El reino es una obra sobre los primeros momentos del cristianismo, una vez desaparecido Jesús de Nazaret, en el que los fieles que le acompañaron en vida se afanan en perpetuar su obra y su palabra. En tanto que novela histórica, es un alarde de erudición, rigor y documentación, pero también de pulso narrativo que en ocasiones construye trepidantes escenas de thriller. Articulada a través de la vida de Pablo de Tarso y San Lucas, todos aquellos santos, apóstoles y evangelistas se nos muestran como los simples mortales que la Historia nos revela que fueron, con sus humanos defectos, odios y rivalidades. Todo esto permite, como se ha dicho sobre el libro, que “el viejo tema se convierta en apasionante”: Carrère nos hace reflexionar sobre el cristianismo y toda su marca histórica, que llega hasta lo más íntimo de nuestra conciencia, transportándonos para ello a la época donde se gestó todo, entre judíos, fariseos, zelotes y romanos.

Hay que poner el acento en la labor no sólo histórica, si no historiográfica, de El Reino. En sus páginas se tratan, en un estilo accesible pero riguroso, lúcido y ameno, las contribuciones de las diferentes versiones y traducciones de las Sagradas Escrituras, una exégesis de muchos de sus pasajes, el revisionismo, su rigor histórico, su autoría… Las aportaciones propias del autor (lo que él llamaría su Sundergut), se presentan convenientemente etiquetadas, y algunas son tan maravillosas como la reflexión acerca del “acento de la Verdad”.
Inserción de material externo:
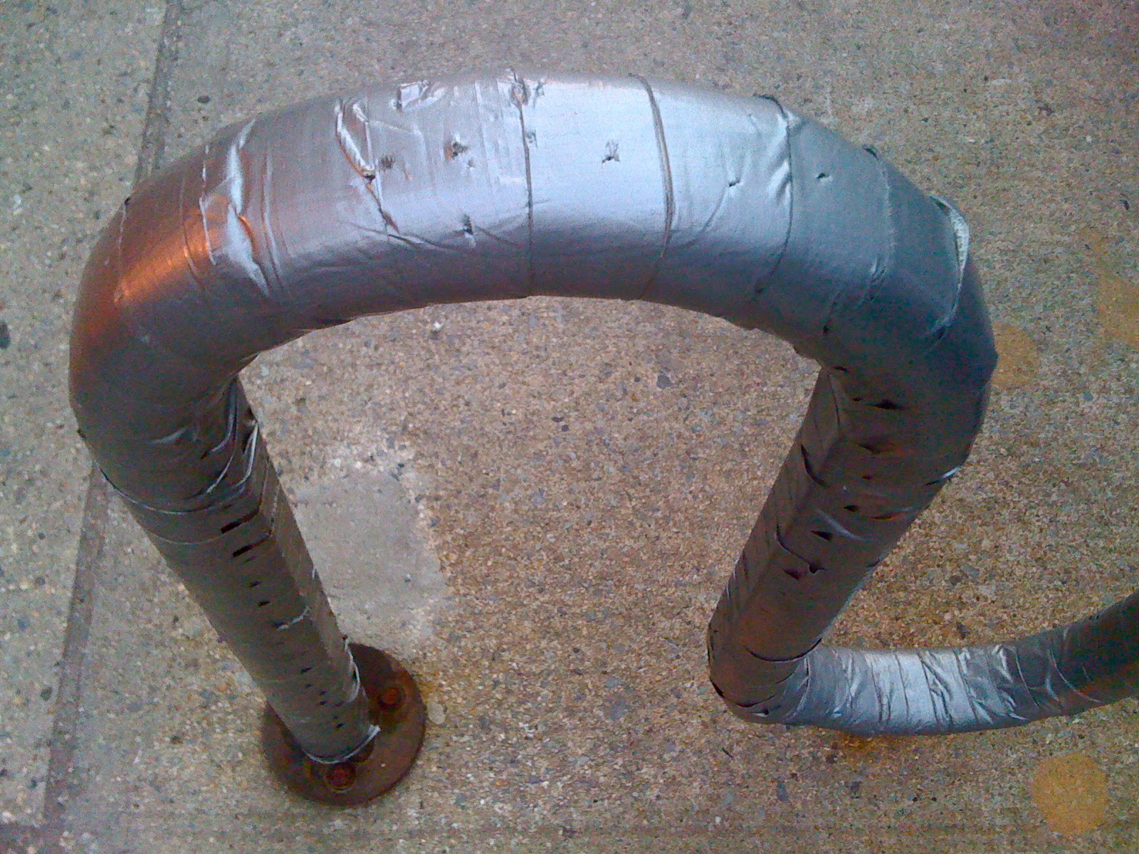 One solution to preventing nicks and scratches -- came across this bike rack wrapped in foam and duct tape in Park Slope, Brooklyn.

Pero Carrére, fiel al que viene siendo este estilo propio, no se queda aquí. Escrita a raíz de una época de conversión y fervor religioso propiciada por una crisis personal, le sirve como excusa para un ejercicio magistral de introspección y de sinceridad acerca de la fe, de lo subversivo de un mensaje, el de una secta del siglo I, que perdura hoy tan vivo como entonces, de la irracionalidad de los actos que se cometen en su nombre, y de filosofías de vida alternativas e históricamente enfrentadas a ella, como el estoicismo o el propio judaísmo. Así, El Reino es también un manual de filosofía y del ars vivendi que zarandea violentamente al lector.

Un lector que habrá viajado a lo largo de los siglos, que habrá aprendido a valorar la Historia, que se habrá emocionado, y, ante todo, que desde entonces verá sus convicciones y su cultura renovadas y sólidamente blindadas, o bien irreversiblemente agrietadas.